A total of 47 healthy participants with parental history of type 2 diabetes (26 female/21 male, mean [SD] age 26 [4] years and BMI 23.8 [2.5] kg/m(2)) completed 13 (SD = 2) days of sleep and physical activity monitoring by wrist actigraphy and waist accelerometry while following their usual lifestyle at home. Laboratory polysomnography was used to screen for sleep disorders. Indices of diabetes risk based on oral glucose tolerance tests were compared between participants with habitual short sleep and those with usual sleep duration >6 h/day.
Consistent with a behavioral pattern of habitual sleep curtailment, short sleepers obtained an average of 1.5 h less sleep per night and showed signs of increased sleep pressure. Participants who habitually curtailed their sleep had considerably higher indices of insulin resistance and increased insulin secretion but maintained normal glucose tolerance similar to that of subjects who slept more.

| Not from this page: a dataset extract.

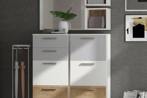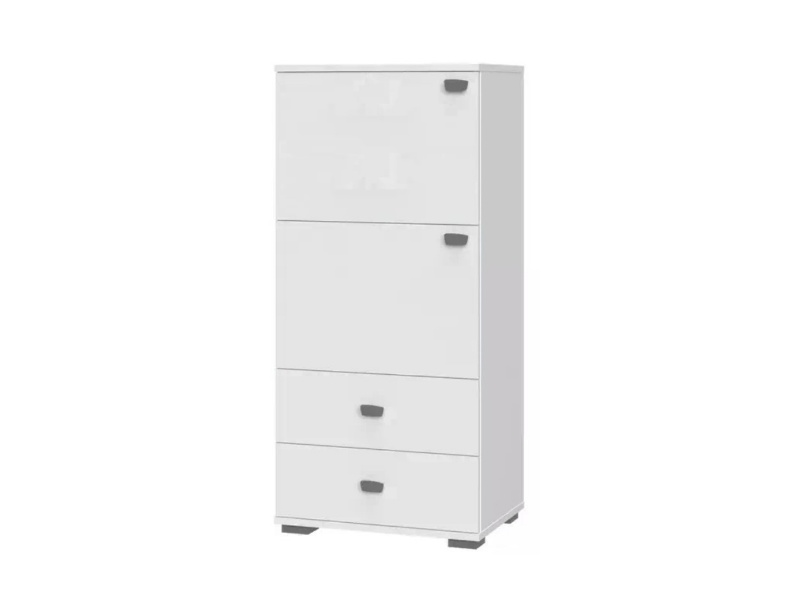 - comoda are 2 usi decor (grafit mat + Nuc Pacific) + 2 sertare decor alb mat

Young lean adults with parental history of type 2 diabetes who habitually curtail their sleep have increased insulin resistance and compensatory hyperinsulinemia--a pattern that has been associated with higher risk of developing diabetes in such susceptible individuals.
实验性睡眠剥夺会伴随葡萄糖调节的变化。然而,慢性睡眠不足对 2 型糖尿病高危人群的胰岛素分泌和作用的影响尚不清楚。本研究旨在探讨在有 2 型糖尿病家族史的自由生活的成年人中,客观记录的习惯性睡眠限制与胰岛素敏感性、胰岛素分泌和口服葡萄糖耐量的测量值之间的关系。
共有 47 名有 2 型糖尿病家族史的健康参与者(26 名女性/21 名男性,平均[标准差]年龄 26[4]岁,BMI 23.8[2.5]kg/m²),在遵循其日常生活习惯的同时,完成了 13(标准差=2)天的手腕活动记录仪和腰部加速度计的睡眠和体力活动监测。实验室多导睡眠图用于筛查睡眠障碍。根据口服葡萄糖耐量试验得出的糖尿病风险指数在习惯性短睡眠者和通常睡眠持续时间>6 小时/天的参与者之间进行了比较。
与习惯性睡眠限制的行为模式一致,短睡眠者每晚平均少睡 1.5 小时,并表现出睡眠压力增加的迹象。习惯性限制睡眠的参与者胰岛素抵抗指数明显更高,胰岛素分泌增加,但与睡眠较多的受试者一样,葡萄糖耐量正常。
有 2 型糖尿病家族史的年轻瘦成年人如果习惯性地限制睡眠,会出现胰岛素抵抗和代偿性高胰岛素血症,这种模式与易感个体发生糖尿病的风险增加有关。